The response must consist of the lines from the one holding "Solitario in oro" through the final line of the entries, given again exactly and without any pictures.
========
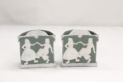 2 Schafer Vater Porcelain Dutch Girl Boy Dancing German Green White Vases
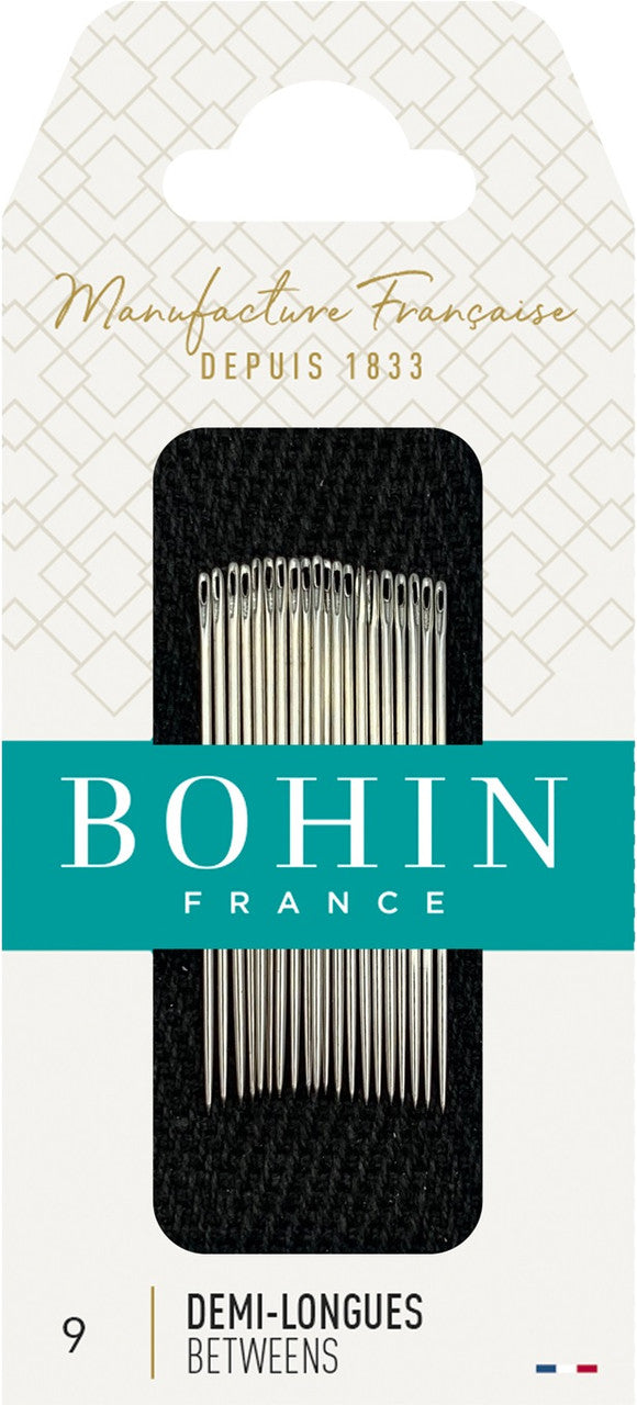 Between/quilting needles are short in length with a small round eye and a sharp point.
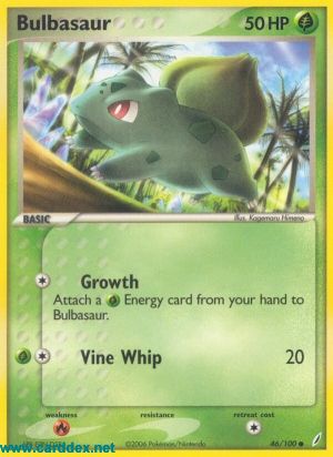 Kosten: Lege eine -Energiekarte von deiner Hand an Bisasam an.  Schaden:
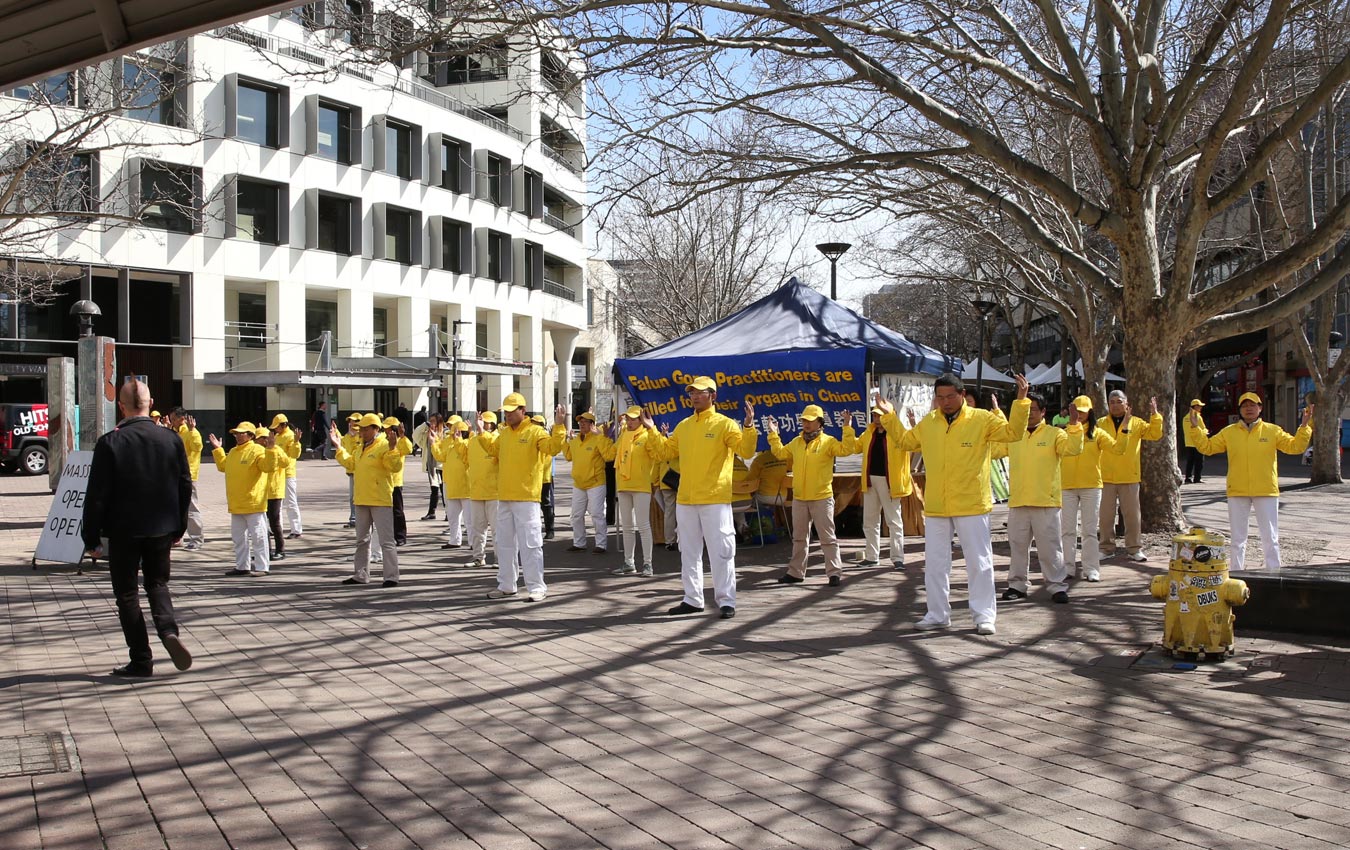 ![]() 图4:集会之后,澳洲的法轮功学员继续在堪培拉的商业中心向民众传播法轮功的真相。图为法轮功学员正在演示第二套功法——法轮桩法 |
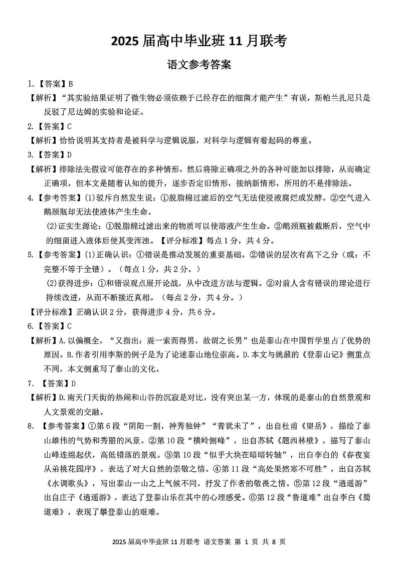 广西省新课程教研联盟2025届高三毕业班11月联考语文答案
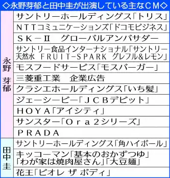 週刊文春が先月24日に不倫疑惑を報道後、今月1日までにアイシティが永野、キッコーマンが田中のCM動画などを公式サイトからそれぞれ削除。サンスターとJCBは文春が続報を伝えた8日に永野のCM動画を削除していた。
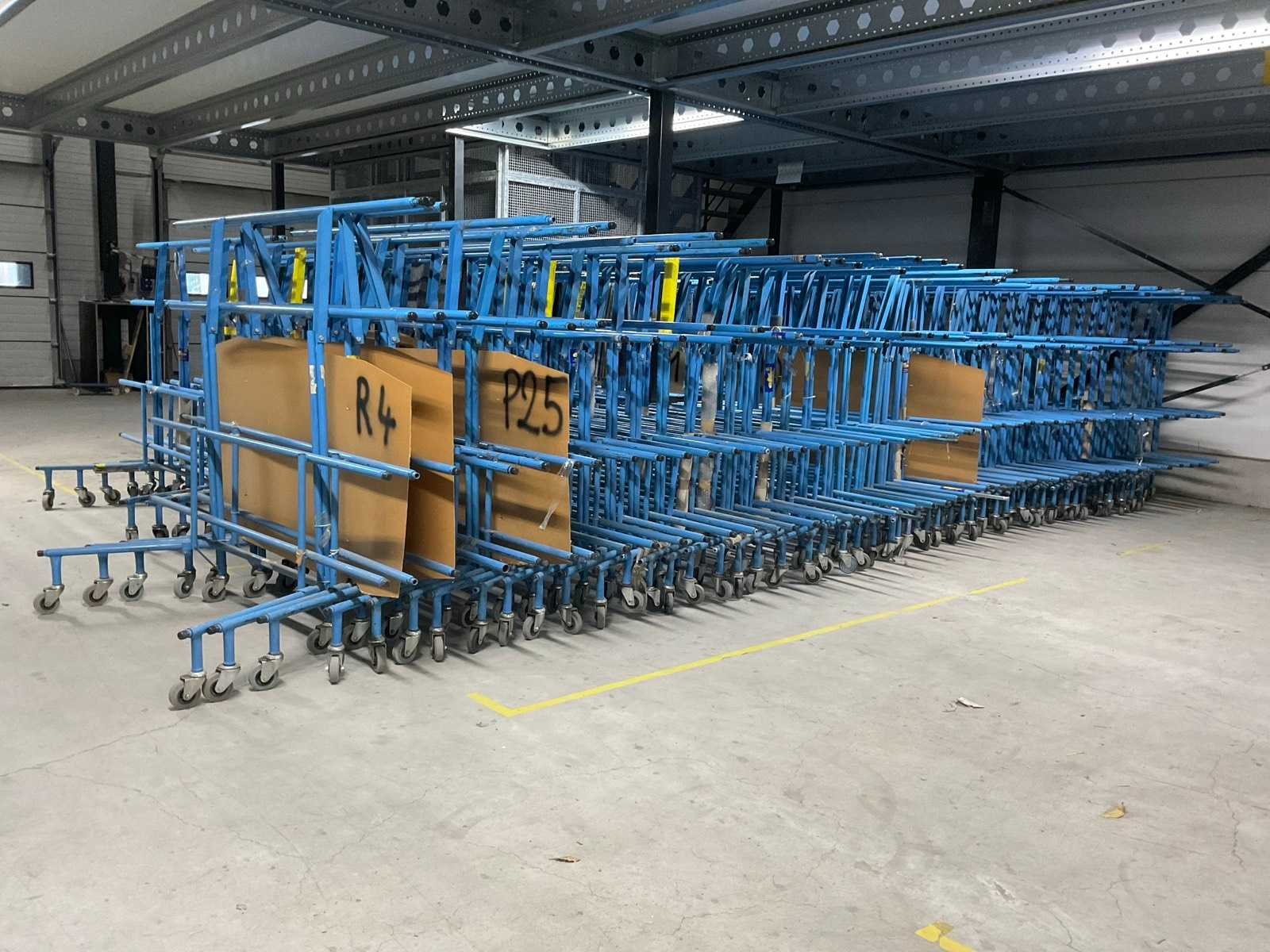 Materiaal: Buisstalen frame, Kleur: Blauw. Voorzien van: uitschuifbare stangen, zwenkwielen.
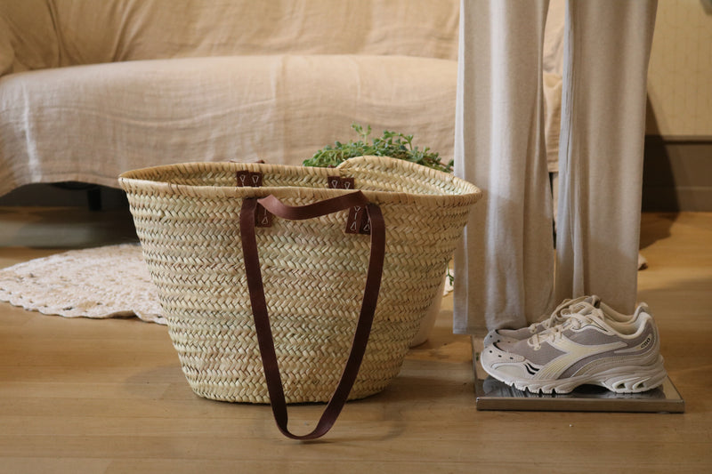 Borsa in palma con manici in pelle e fondo ovale. Perfetta per il mare o la città, ampia e resistente nonostante la trama fine. Da portare a mano o a tracolla. Elegante e funzionale, un must-have per chi ama la qualità e l'esclusività.
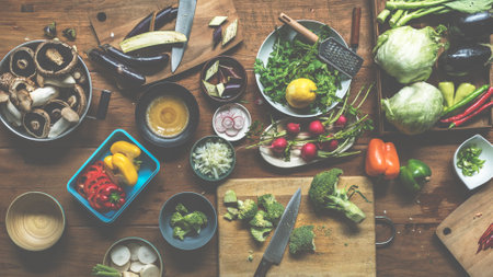 A rustic kitchen scene featuring fresh ingredients like chopped vegetables, bowls of tomatoes, and kitchen tools on a wooden table, perfect for healthy meal preparation.
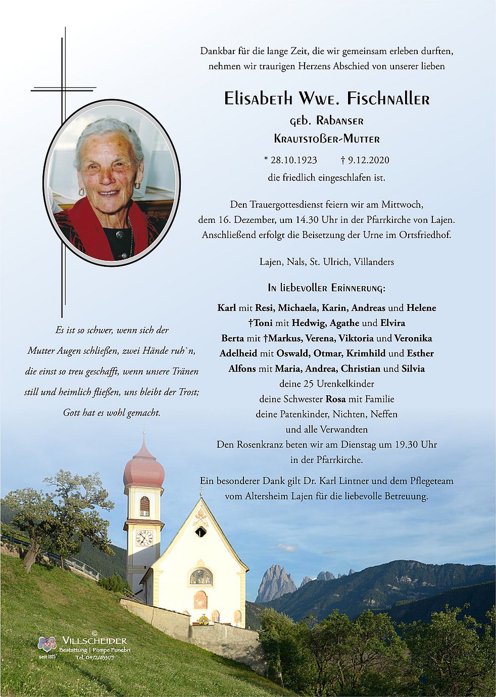 Liebe Trauerfamilie,unser aufrichtiges Beileid am Tod eurer lieben Mama.
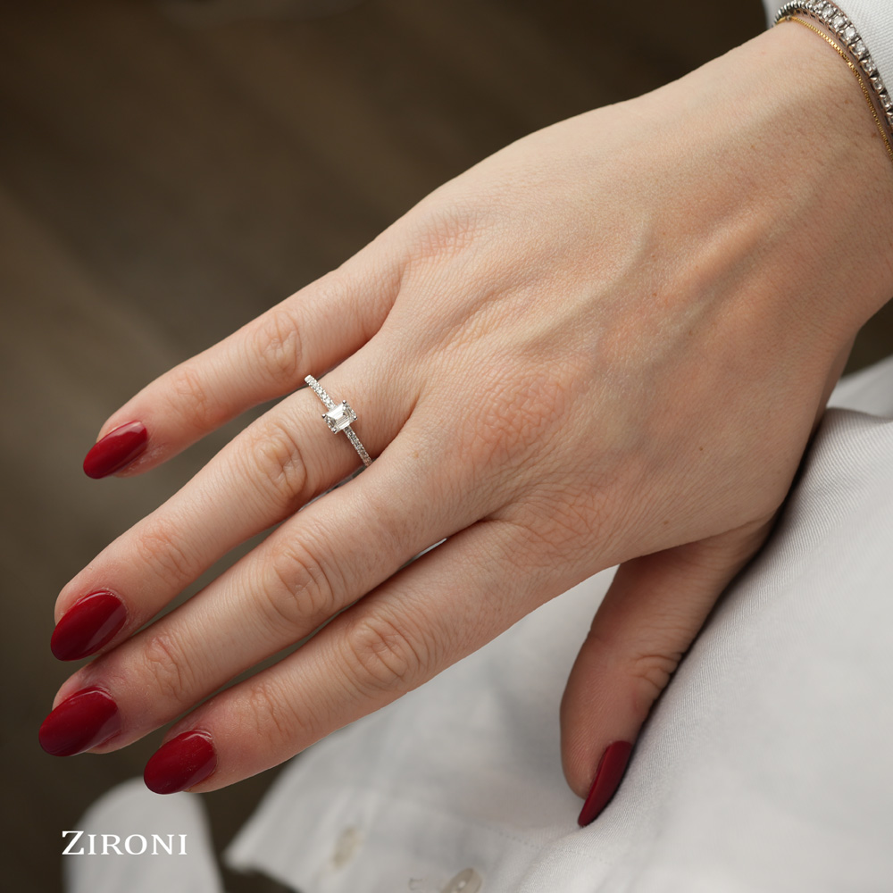 Solitario in oro bianco 18K con diamante taglio smeraldo (ct 0,51) certificato GIA e diamanti taglio brillante sul gambo (ct 0,11)
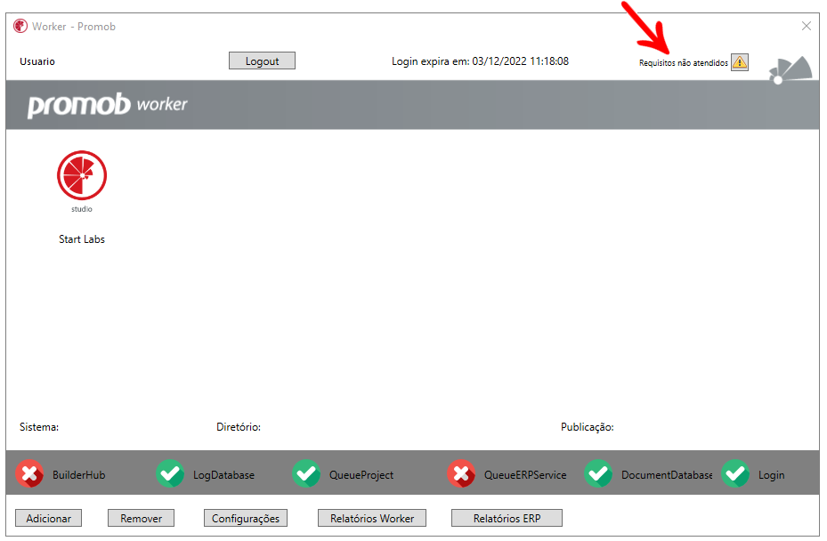 Na tela inicial do Worker, é exibida a mensagem de Requisitos não atendidos.
========
**Result of this task**
 Solitario in oro bianco 18K con diamante taglio smeraldo (ct 0,51) certificato GIA e diamanti taglio brillante sul gambo (ct 0,11)
 Na tela inicial do Worker, é exibida a mensagem de Requisitos não atendidos.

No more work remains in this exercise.